By DONNA BALANCIA – Photographer Henry Diltz will be honored next week with a prestigious Lucie Award for his work in Rock Photography.
Diltz said he never expected to be honored for his career. After all, photography is something he just loves to do and that is reward enough.
“Being a photographer is a solo thing, the actual act of doing it, that is,” the 77-year-old Diltz said. “It’s not like being a opera singer or circus star or a rock star. You don’t get the applause. It’s something you do alone over the years.”

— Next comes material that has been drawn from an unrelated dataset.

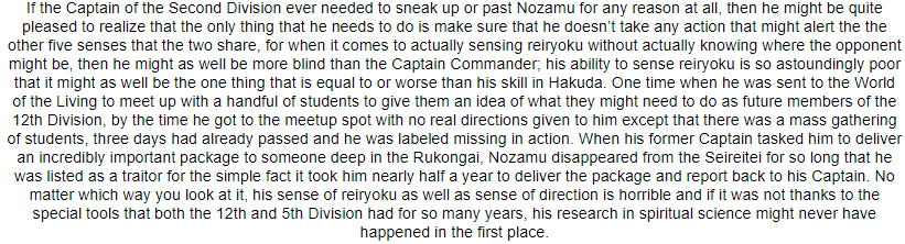 Expert Strategist and Tactician: Rin may not be the most intelligent Shinigami, but her far above-average mental capacity, combined with her stringent study of tactics, affords her a great deal of skill when it comes to strategic thinking. Her ability to plan ahead and coordinate with the members of her division has been an essential part of many great operations, and it remains a pivotal factor in the function of the Gotei 13. In battle, this tactical ability allows her to analyze her opponents through their movements, drawing on her knowledge of combat and swordplay to predict their intent and adjust her own stances to compensate for strengths and weaknesses. She can plan many steps ahead and adjust her strategies on the fly, giving her an advantage against simple opponents who prefer hacking and slashing. Many would-be rivals have fallen to her sword due to her planning and tactics, and the survivors know just how intelligent she really is.

But as the photographer who has shot some of the most famous record albums of our era, the award is well-deserved. The Lucie Awards are given each year to exemplary photographers who make a mark in their respective fields.
“I’m aware that people have read my name,” Diltz said. “In the 1970s I noticed I did a few album covers and sold more than a million records, a million people read my name. Yes your name does get out there.”
Among some of his famous subjects are Crosby, Stills and Nash, Neil Young, Jackson Browne, Paul McCartney, Bruce Springsteen and many others. These days, Diltz continues to shoot but he has started to take stock in his images — and those of other photographers — as he is a curator and co-owner of Morrison Hotel Gallery located in New York, Los Angeles and Nashville.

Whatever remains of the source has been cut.